Die Corona-Infektionszahlen in Skandinavien sind ähnlich hoch wie bei uns. Dennoch feiern Schweden und Norweger

In einigen Staaten ist es ein Grund zum Feiern: Nach den düsteren Monaten der Corona-Einschränkungen und der Lockdowns kehren sie zur Normalität zurück. Den besonderen Tag, an dem alle Maßnahmen weitestgehend aufgehoben wurden, nannten die Briten "Freedom Day". Einige andere europäische Länder folgten dem Beispiel, darunter auch Dänemark, Norwegen und Schweden: Dort gibt es keine Abstandsregeln und Personenbeschränkungen mehr, es ist kein Impf- oder Testnachweis mehr erforderlich.

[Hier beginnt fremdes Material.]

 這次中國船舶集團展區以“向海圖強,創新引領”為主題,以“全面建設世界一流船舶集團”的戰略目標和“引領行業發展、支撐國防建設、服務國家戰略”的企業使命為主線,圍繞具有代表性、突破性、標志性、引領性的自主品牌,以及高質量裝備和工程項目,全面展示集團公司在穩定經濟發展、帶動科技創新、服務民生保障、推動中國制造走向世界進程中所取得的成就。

Die Bevölkerung in Deutschland schaut mit einem Gefühlsmix aus Verwunderung, Neid und Sorgen nach Skandinavien. Wann gibt es einen "Freedom Day" in der Bundesrepublik? Darüber wird auch hierzulande diskutiert, spätestens seitdem Kassenärzte-Chef Andreas Gassen einen deutschen Freiheitstag ins Gespräch gebracht hat. Dabei ist eines offenbar klar: Die komplette Aufhebung der Maßnahmen in den kommenden Herbst- und Wintermonaten ist schlicht nicht realistisch. Die Gefahr einer neuen Corona-Welle ist zu groß.

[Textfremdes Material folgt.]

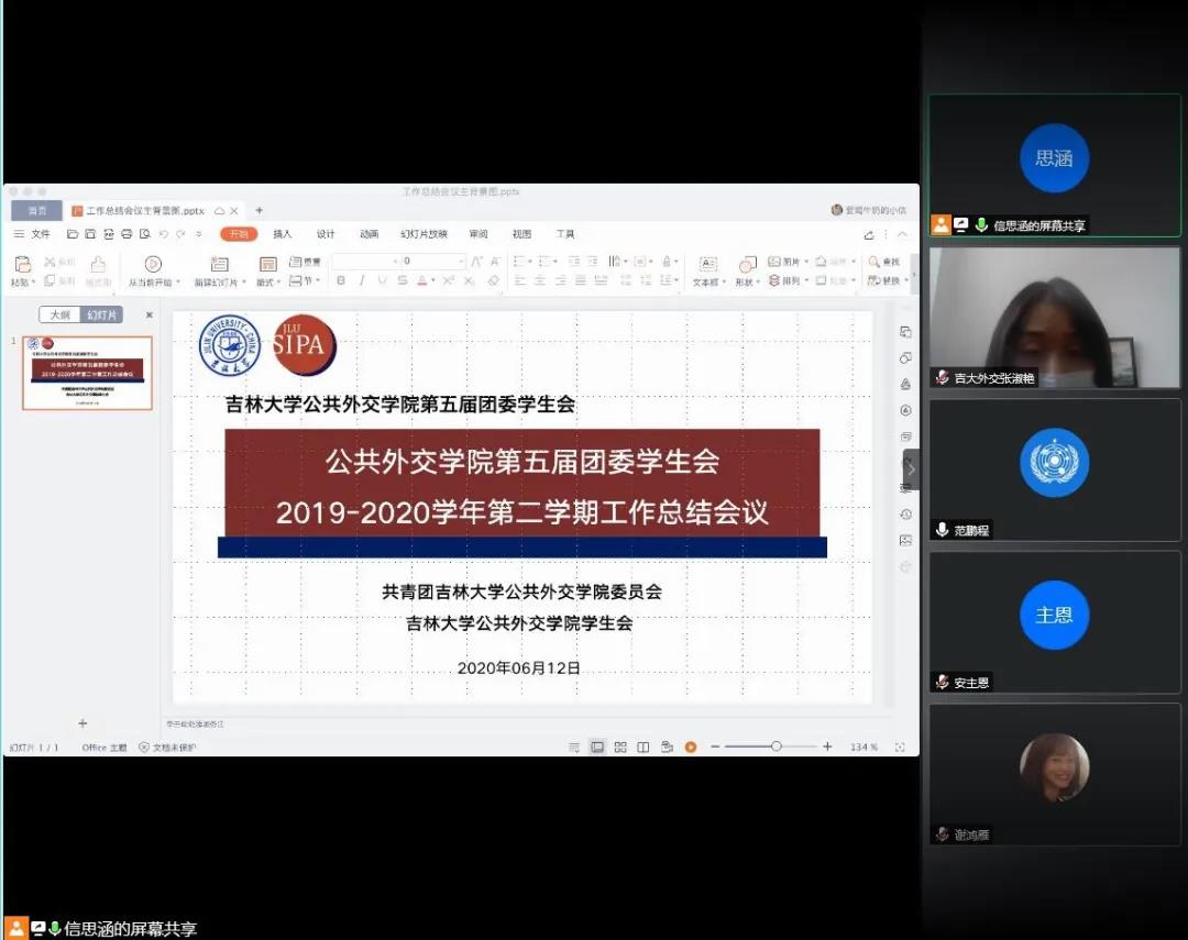 2020年6月12日,哈哈体育第五届团委员工会线上召开了2019—2020学年第二学期工作总结会议。本次会议由院团委员工会文体部部长信思涵主持,员工工作办公室主任王力老师、公司团委书记张淑艳老师、辅导员高梦鸽老师出席本次会议,第五届团委员工会2017级、2018级全体员工干部参加本次会议。

Für einen "Freedom Day" wie in anderen Ländern sei in Deutschland die Impfquote noch nicht hoch genug, sagte Gesundheitsminister Jens Spahn (CDU). SPD-Gesundheitsexperte Karl Lauterbach mahnte auf Twitter: "Ein 'Freedom Day' macht noch keinen Sinn. (...) Wir werden auch in Deutschland in den nächsten Wochen wieder steigende Fallzahlen bekommen. Wir haben zu viele Ungeimpfte."

Wie rechtfertigen die Länder die Strategie?

Die Menschen in zwei skandinavischen Ländern feiern Freiheitstage, obwohl die aktuellen pandemischen Rahmenbedingungen ähnlich wie in Deutschland sind. In Schweden und Norwegen ist die Impfquote nur geringfügig höher als in in der Bundesrepublik. In Schweden sind 70 Prozent der Bevölkerung einmal geimpft, 64 Prozent haben den vollen Schutz. In Norwegen sind immerhin 76 Prozent mit einer ersten Dosis versorgt, vollständig geimpft jedoch auch erst 66 Prozent (Stand 30. September). Zum Vergleich: Deutschland verzeichnet derzeit 68 Prozent Erst- und 64,4 Prozent Zweitimpfungen.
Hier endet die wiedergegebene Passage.